## DATA EXTRACTS
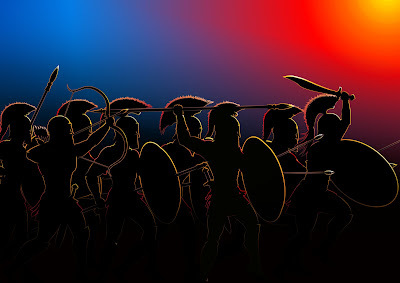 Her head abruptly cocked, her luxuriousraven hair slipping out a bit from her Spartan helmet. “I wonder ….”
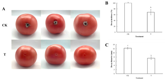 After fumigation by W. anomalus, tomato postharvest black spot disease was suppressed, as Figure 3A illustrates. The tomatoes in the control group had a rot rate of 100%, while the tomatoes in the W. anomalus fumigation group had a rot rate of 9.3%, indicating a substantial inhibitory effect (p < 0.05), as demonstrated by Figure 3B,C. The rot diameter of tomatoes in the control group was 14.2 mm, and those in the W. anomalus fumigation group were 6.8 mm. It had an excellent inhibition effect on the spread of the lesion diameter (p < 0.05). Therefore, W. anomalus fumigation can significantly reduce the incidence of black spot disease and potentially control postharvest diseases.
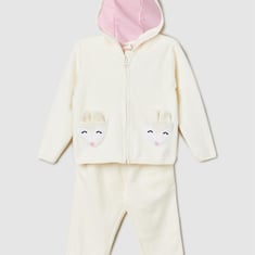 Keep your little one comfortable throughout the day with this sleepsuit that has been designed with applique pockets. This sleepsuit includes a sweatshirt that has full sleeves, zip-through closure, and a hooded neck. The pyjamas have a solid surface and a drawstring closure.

...

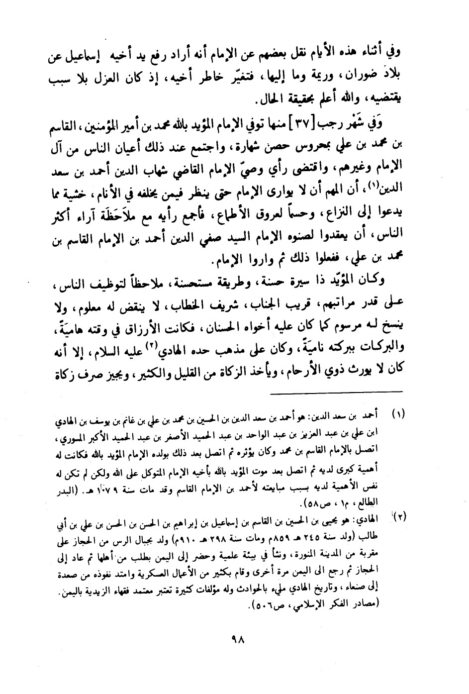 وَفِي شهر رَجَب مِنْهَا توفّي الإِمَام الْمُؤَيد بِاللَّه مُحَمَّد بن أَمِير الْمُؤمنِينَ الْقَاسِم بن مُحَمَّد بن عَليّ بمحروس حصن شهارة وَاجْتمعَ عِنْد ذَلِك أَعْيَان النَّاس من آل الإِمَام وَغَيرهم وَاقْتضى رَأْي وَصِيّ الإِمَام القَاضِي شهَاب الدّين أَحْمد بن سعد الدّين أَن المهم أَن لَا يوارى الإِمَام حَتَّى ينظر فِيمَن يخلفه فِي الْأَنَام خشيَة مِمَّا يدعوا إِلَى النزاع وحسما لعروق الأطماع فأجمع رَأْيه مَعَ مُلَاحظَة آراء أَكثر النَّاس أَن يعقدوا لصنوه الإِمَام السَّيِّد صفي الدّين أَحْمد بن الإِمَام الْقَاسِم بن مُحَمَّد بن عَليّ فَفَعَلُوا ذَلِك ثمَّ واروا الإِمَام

## WORK INSTRUCTIONS
Working from the data above, repeat exactly, and only, the lines that begin at the line containing "Her head abruptly" and stop after the line containing "After fumigation by"; pictures are not copied.

## SOLUTION
 Her head abruptly cocked, her luxuriousraven hair slipping out a bit from her Spartan helmet. “I wonder ….”
 After fumigation by W. anomalus, tomato postharvest black spot disease was suppressed, as Figure 3A illustrates. The tomatoes in the control group had a rot rate of 100%, while the tomatoes in the W. anomalus fumigation group had a rot rate of 9.3%, indicating a substantial inhibitory effect (p < 0.05), as demonstrated by Figure 3B,C. The rot diameter of tomatoes in the control group was 14.2 mm, and those in the W. anomalus fumigation group were 6.8 mm. It had an excellent inhibition effect on the spread of the lesion diameter (p < 0.05). Therefore, W. anomalus fumigation can significantly reduce the incidence of black spot disease and potentially control postharvest diseases.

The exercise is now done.